Commanders and leaders
- Agesilaus II Gylis; Herippidas;: Thrasybulus (Athenian contingent)

Strength
- 15,000: 20,000

Casualties and losses
- 350: 600+

= Battle of Coronea (394 BC) =

Land battle of the Corinthian War

The Battle of Coronea in 394 BC, also Battle of Coroneia, took place during the Corinthian War, in which the Spartans and their allies under King Agesilaus II defeated a force of Thebans and Argives that was attempting to block their march back into the Peloponnese. It ranks among the deadliest of the Hoplite battles, despite its comparative obscurity, when matched up against more famous battles like the Battle of Delium in 424, and the Battle of Mantinea in 362.

==Prelude==
The Corinthian War began in 395 BC when Thebes, Argos, Corinth, and Athens, with Persian support and funding, united to oppose Spartan intervention in Locris and Phocis. At the start of the war, Agesilaus was in Ionia, campaigning against the Persians. When hostilities opened, he was recalled with his forces, and began an overland march through Thrace and central Greece back to the Peloponnese. Entering Boeotia, he was opposed by a force composed primarily of Thebans, allied Boeotians, and Argives.

Agesilaus's forces were composed of a regiment and a half of Spartiates, augmented by a force of freed helots, a sizable force of allied troops from the Peloponnese and Ionia, and a large contingent of mercenaries.
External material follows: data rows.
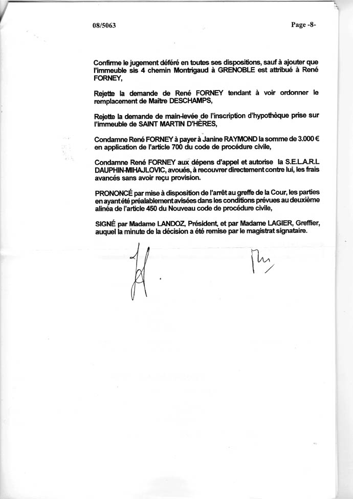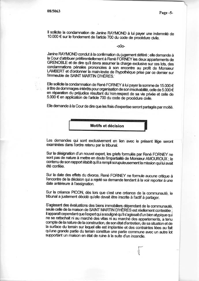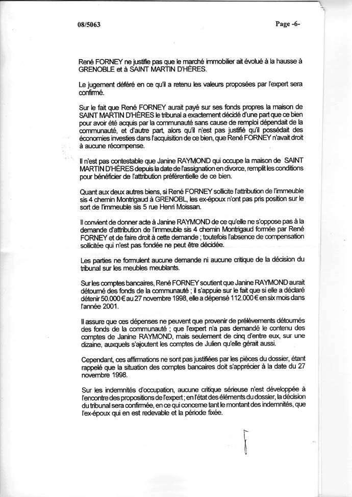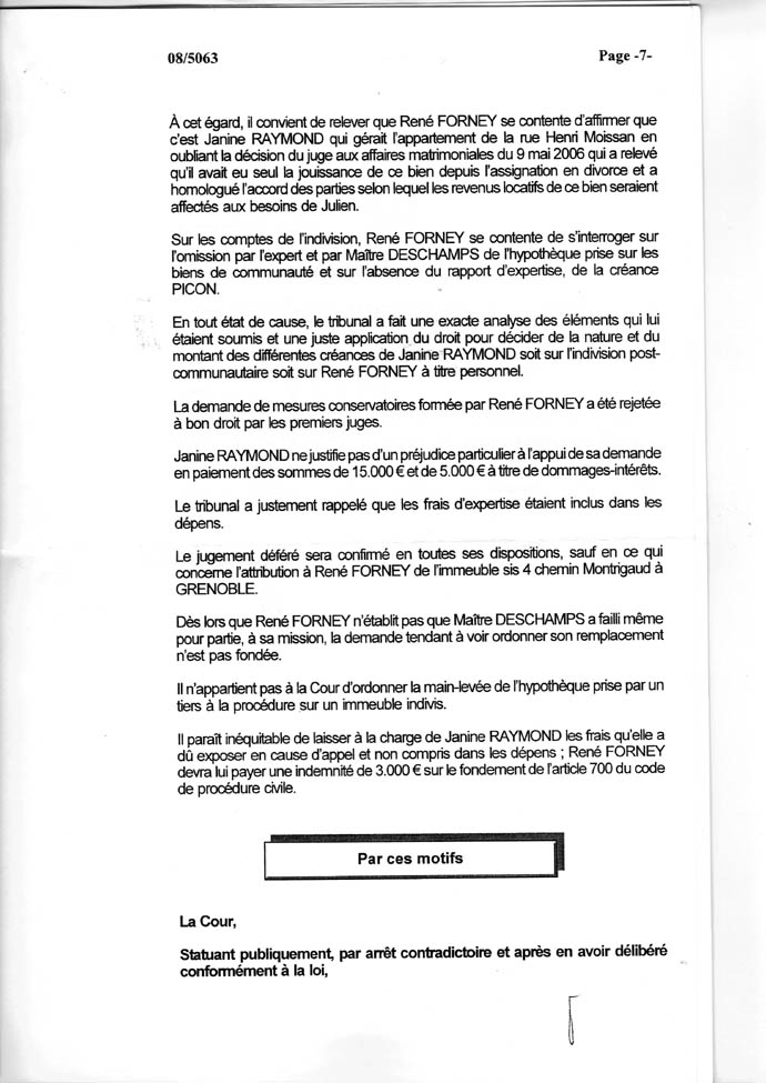 Les juges qui ont validé ma spoliation en appel : LANDOZ Françoise, KUENY Claude Françoise, KLAJNBERG Véronique parfaitement informés des auteurs et des méthodes de ma spoliation sont donc forcement complices de ces réseaux affairistes mafieux. De même, ce partage est confié à un notaire truand DESCHAMPS Yves totalement étranger aux trois biens immobiliers, alors que vous êtes mon notaire de la famille depuis 1980, cela, ne surprend pas ces juges ! Vous feriez bien de réfléchir à cette lettre au lieu de me transmettre des demandes absurdes de votre confrère notaire. Croyez-vous que votre passivité vous met hors de cause ?
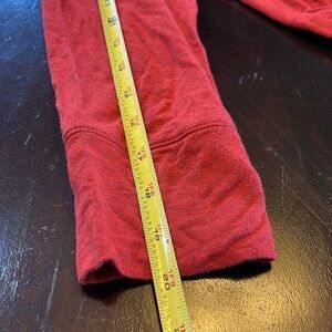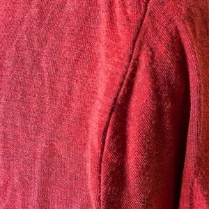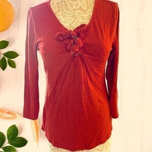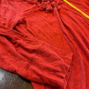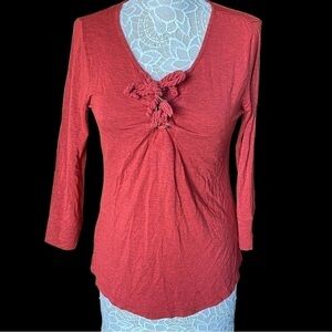 Good condition Democracy Shirt in a warm reddish, orange and black color. V neck ties up the front with thick chord.
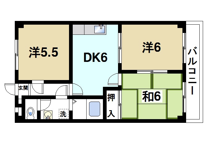 DK 6.0帖/和室 6.0帖/洋室 6.0帖/洋室 5.5帖 - 向き
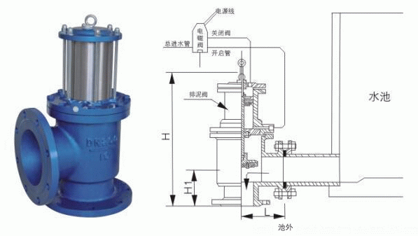 氣動、液動角式排泥閥主要用于自來水公司或污水廠的各類水池,安裝在池外排除池內(nèi)泥沙。
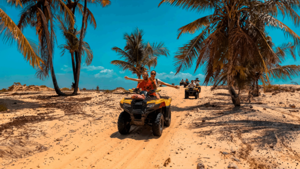 Após o café da manhã, às 09:00h*, ocorre o embarque em quadriciclos, com um breve treinamento e orientações sobre o trajeto e o uso do veículo. Em seguida o passeio inicia com 2 km à beira do asfalto, seguido por trilhas pelo Bosque, até a chegada aos Pequenos Lençóis. Na Lagoa do Alazão, haverá uma parada para banho e uso de atrativos como caiaque e tirolesa. O percurso continua até Caeté, com uma breve pausa para apreciar uma água de coco. Em seguida, o passeio segue até Vassouras, localizada às margens do Rio Preguiças. Passando pelo Morro do Boi, chega-se à Praia de Caburé por volta das 11:00h*, onde é possível desfrutar de um banho de mar e almoço. O retorno a Barreirinhas está previsto para as 15:00h*, com a travessia pela estação eólica. A saída de Barreirinhas com destino a São Luís é às 17:00h*, com previsão de chegada às 21:00h*. A noite é livre para atividades independentes.
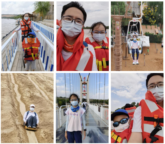 不到5分钟,老马就把我们送到了景区大门。进门后左手边就是坐快艇的地方(羊皮筏子+快艇是一张票,坐快艇到黄河上游,再坐筏子漂下来)。我们家小崽再次享受到了身高“优势”,全程免票。快艇是真快,不一会就把我们送到了上游。这里正好是“爸爸去哪儿”栏目介绍过的滑沙道景点,也是两个崽崽心驰神往的地方。毫不犹豫的买好票,坐缆车到达坡顶,然后排好队体验一下在名头这么响的沙道上滑下去是什么感觉。到达坡底以后,我问她俩好不好玩,两个崽崽平静的说了声“好玩”,似乎还没大漠里的“滑沙自由”的吸引力大。滑完沙以后,沿着黄河两岸的景观步行道继续往前走,来到黄河3D玻璃桥。从玻璃桥往回溜达,沿路绿树成荫,没多久就来到了坐羊皮筏子的地方。介绍羊皮筏子的时候我没仔细听,倒是快靠岸时艄公唱的《宁夏》和《宁夏恋》两首西北民歌惊艳到我了,那音质和情绪比参加选秀的歌手更纯正和真实。上岸的时候,艄公还不忘请我们帮忙到岸边服务点填个表,给个好评。我一边填着表,一边感叹:这都“卷”成啥样了,没点才艺都不好意思当艄公了!
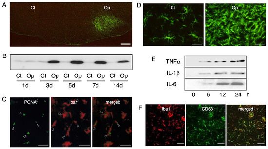 Microglia in the axotomized facial nucleus. (A) The response of the microglia to motoneuron injury. The right facial nerve of adult rats was cut and after 5 days, the cryosections of the brainstem were stained by anti-Iba1 antibody. Ct: control nucleus; Op: axotomized nucleus. Scale bar = 400 µm. (B) Time-course changes of Iba1 levels. Control nucleus (Ct) and transected nucleus (Op) taken at 1, 3, 5, 7, and 14 days post-insult were analyzed for Iba1 in immunoblotting. (C) Mitotic microglia in the axotomized facial nucleus. The axotomized facial nucleus in the brainstem sections prepared at 3 days post-insult was dually stained by anti-PCNA antibody (PCNA) and anti-Iba1 antibody (Iba1). A merged photo is shown at the right. Scale bar = 50 µm. (D) The morphology of the microglia in the control and axotomized facial nucleus. Coronal brainstem sections taken at 5 days post-insult were stained by the anti-Iba1 antibody. Microglia in the control nucleus (Ct) and axotomized nucleus (Op) are shown. Scale bar = 50 µm. (E) The ability of microglia to induce inflammatory cytokines. Primary microglia (2 × 106/dish) were stimulated with lipopolysaccharide (LPS) and the conditioned media were recovered at 0, 6, 12, and 24 h post-stimulation. Each conditioned medium was analyzed by immunoblotting for TNFα, IL-1β, and IL-6, respectively. (F) The transformation of microglia into phagocytes. The right facial nerve of the P2 neonatal rats was axotomized and 3 days later, the brainstem cryosections were prepared. The axotomized facial nucleus was dually stained by anti-Iba1 antibody (Iba1) and anti-CD68 antibody (CD68). A merged photo (merged) is shown at the right. Scale bar = 50 µm.
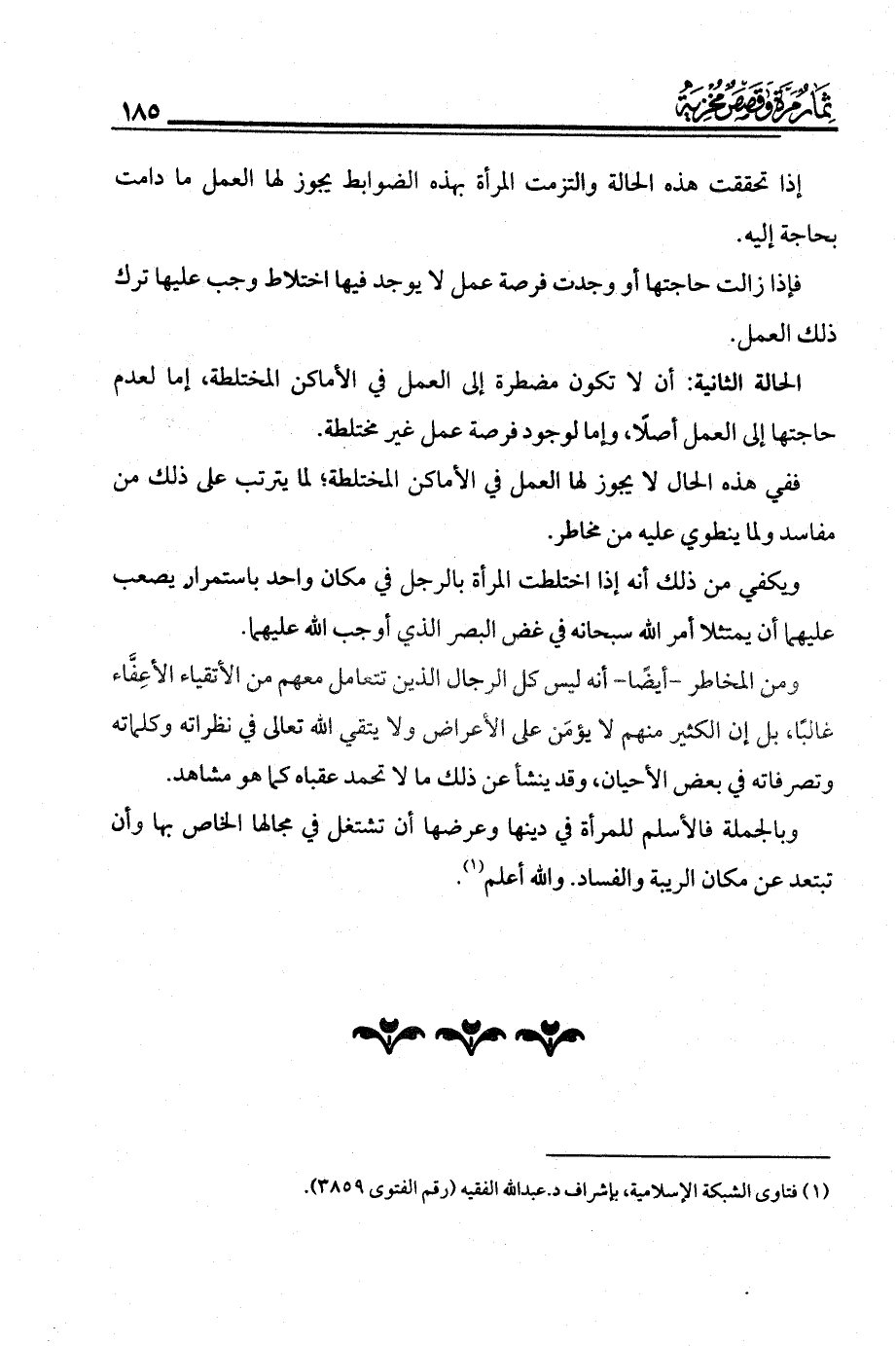 الحالة الثانية: أن لا تكون مضطرة إلى العمل في الأماكن المختلطة إما لعدم حاجتها إلى العمل أصلًا، وإما لوجود فرصة عمل غير مختلطة.
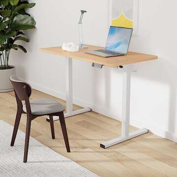 FLEXISPOT EN1 Bamboo Texture Standing Desk, 48 x 24 Inches Whole-Piece Electric Adjustable Height Desk Sit Stand Desk(White Frame + Bamboo Texture Top, 2 Packages)
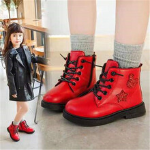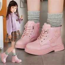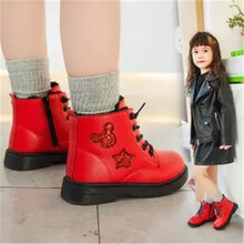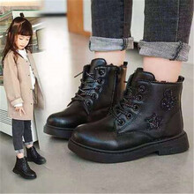 巴布旗 女童马丁靴公主二棉加绒冬新款棉鞋中大童英伦风儿童短靴子春秋 黑色(厚绒大棉)标准码 实心底 26码/内长16.6cm
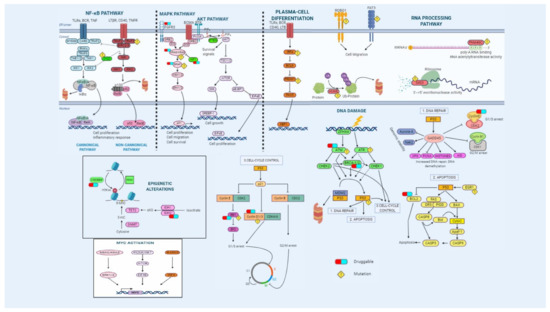 Overview of the main signaling pathways dysregulated in multiple myeloma. Genetic alterations affect essential pathways and biological processes such as NF-κB and MAPK pathways, plasma-cell differentiation, RNA processing, cell cycle, apoptosis, and DNA-damage repair mechanisms. Some druggable targets are indicated.
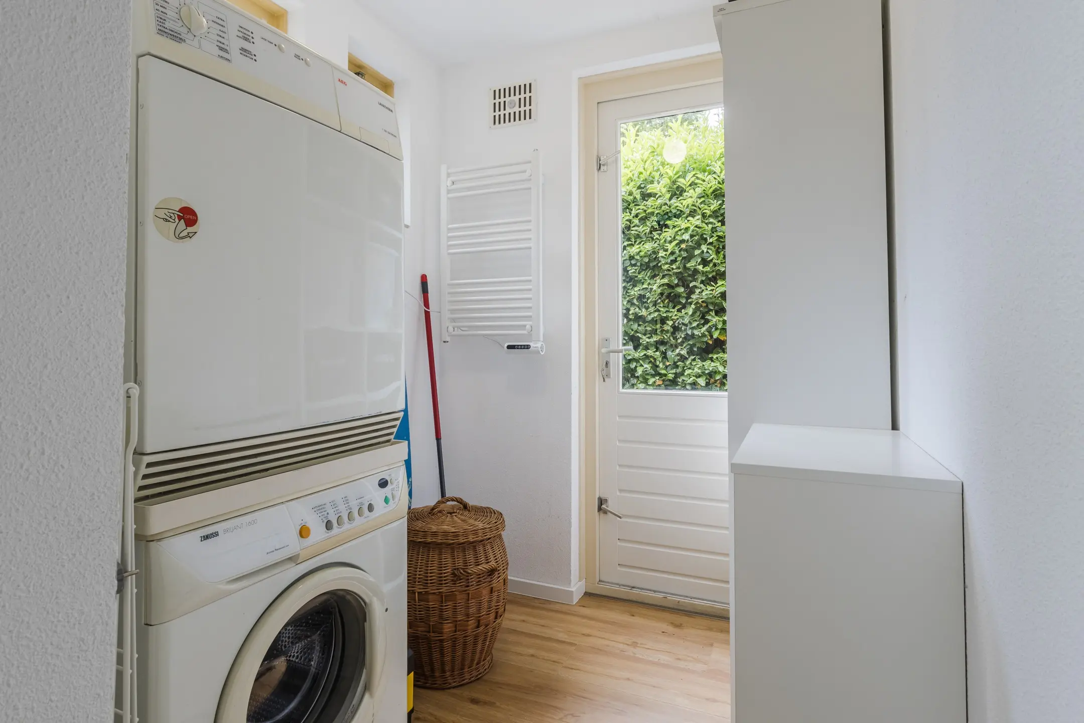 Via openslaande deuren bereikt u de diepe, volledig omheinde achtertuin met vrij uitzicht, ruime berging, tuinverlichting en meerdere watertappunten – perfect voor lange zomeravonden en ongestoord buitenleven.
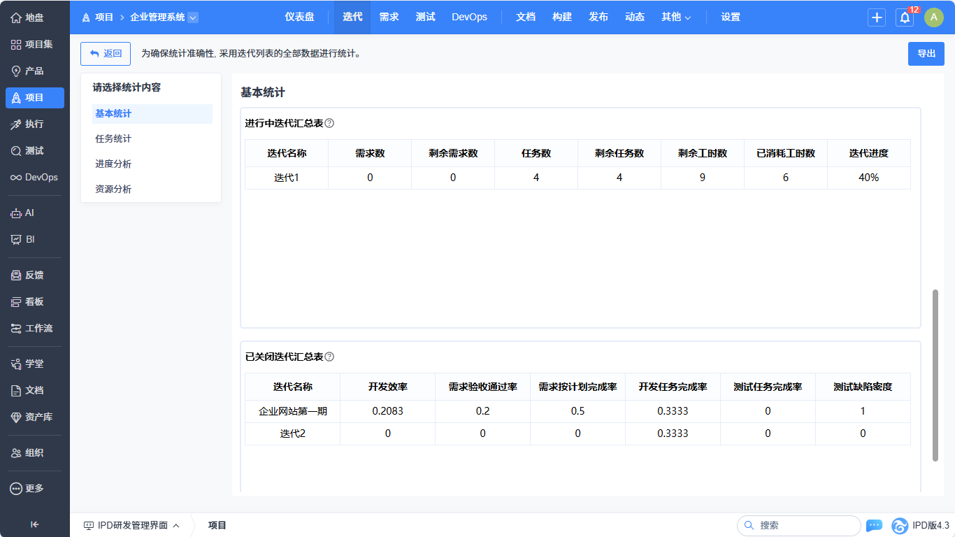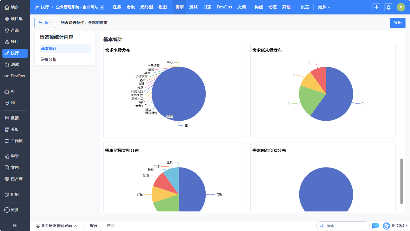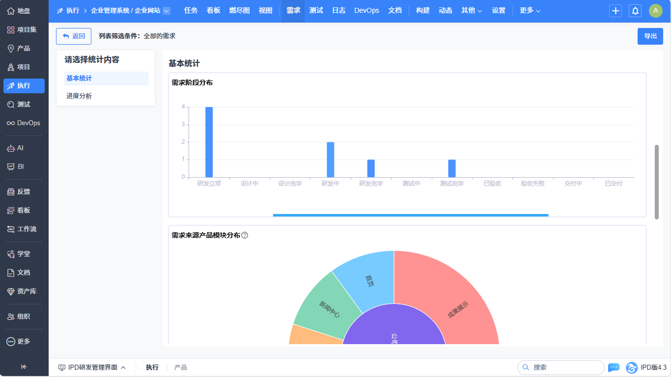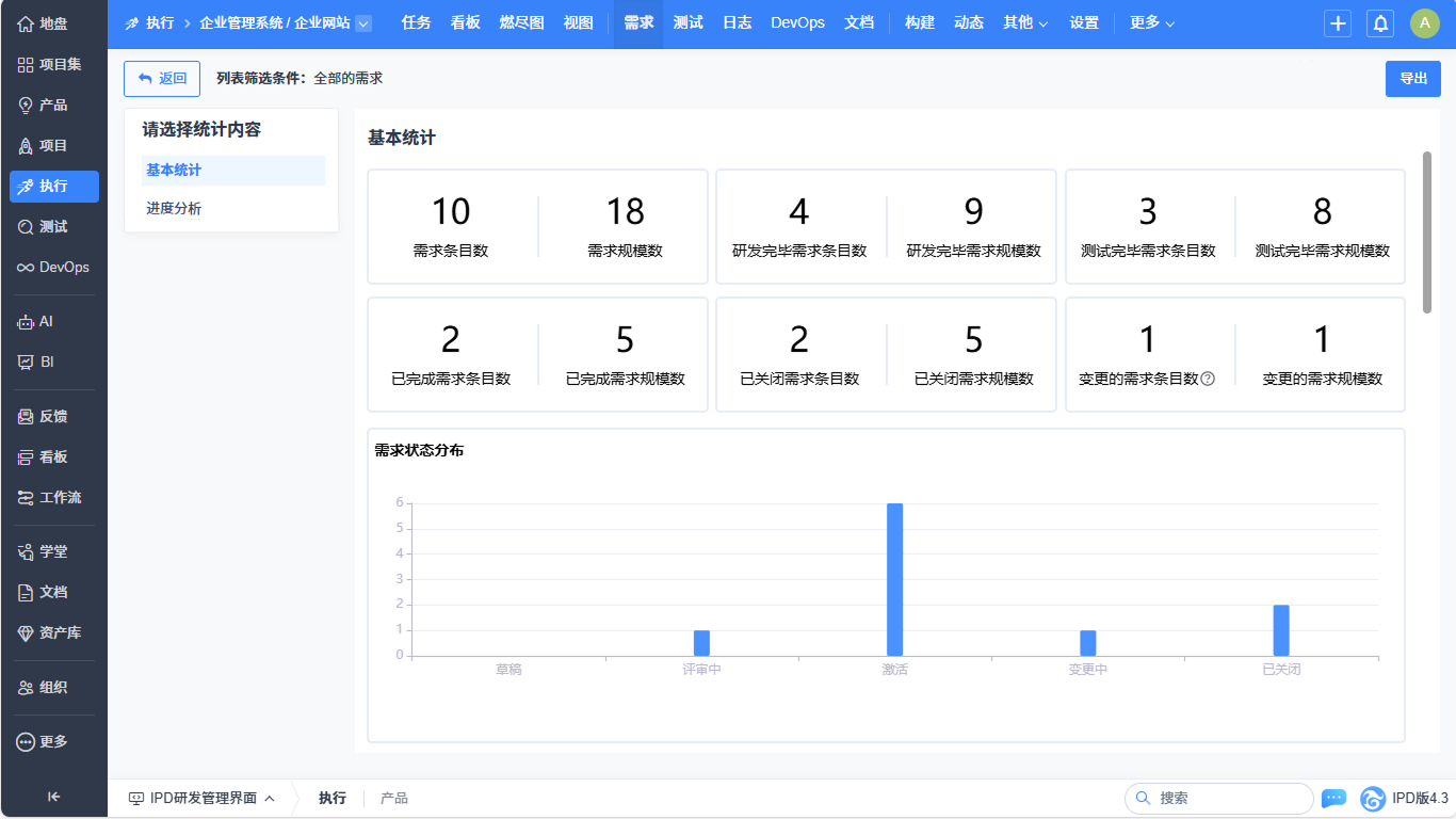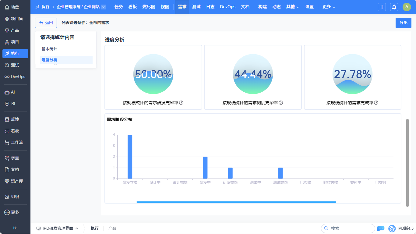 ▼执行-需求列表实现基本统计、进度分析的统计优化。
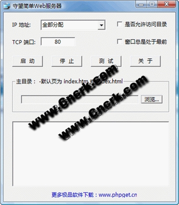 守望WEB服务器 V3.0 简体中文绿色免费版 这个WEB服务器是用C语言开发的 ,其特点是界面精美,易于使用,还有信息流量统计。整个WEB服务器就是 一个EXE可执行程序,无需任何安装,不修改注册表,删除时直接删除所有相关文件就行了。程序放在任何目录均可运行。如果开发小型的Intranet系统可以方便的将本服务器及配置文件集成进新做的程序里面,不用在如何另外安装web服务器上浪费脑筋。
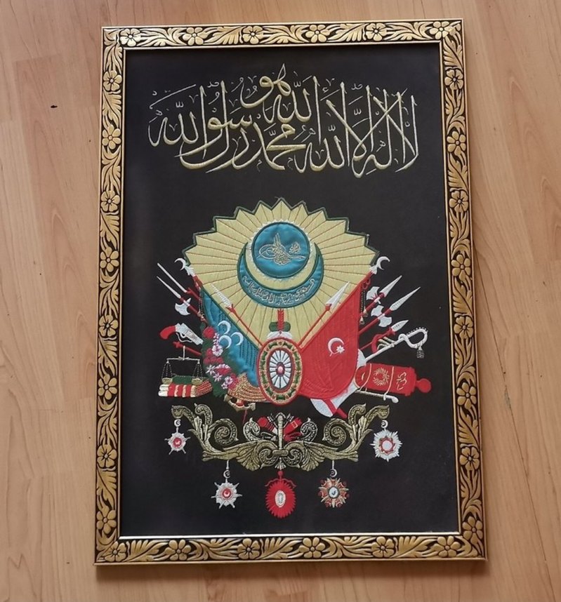Altın tonlarda Osmanlı arması ve Kelime-i Tevhid yazısı, koyu zemin üzerinde yer alır. Çerçevesi altın çiçek desenlidir.
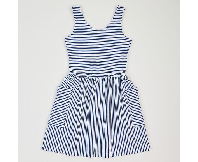 Літній сарафан в синьо-білу полоску з натурального 100%бавовняного тоненького інтерлоку. Великі накладні кишені, призборка по талії та оригінальний виріз на спинці надають виробу стильності та зручності.

Facing him on the plain, near the foot of Mount Helicon, was an army made up of Boeotians, Athenians, Argives, Corinthians, Euboeans, and Locrians. In all, the allies probably had 20,000 hoplites. To oppose these, Agesilaus had 15,000 hoplites. The cavalry forces of the two sides were roughly equal, but Agesilaus had substantially more peltasts.

Prior to the battle some of Agesilaus's army were disturbed by an omen witnessed some days before, when the sun had appeared crescent shaped. To reassure his men, Agesilaus first reminded them of the recent Spartan victory at Nemea. He then told them that the Spartan navarch Peisander had been killed in a victory over the Persian fleet. In fact, as Agesilaus knew, Peisander had been killed while suffering a crushing defeat at Cnidus. These reassurances, however, buoyed his army's morale going into the battle.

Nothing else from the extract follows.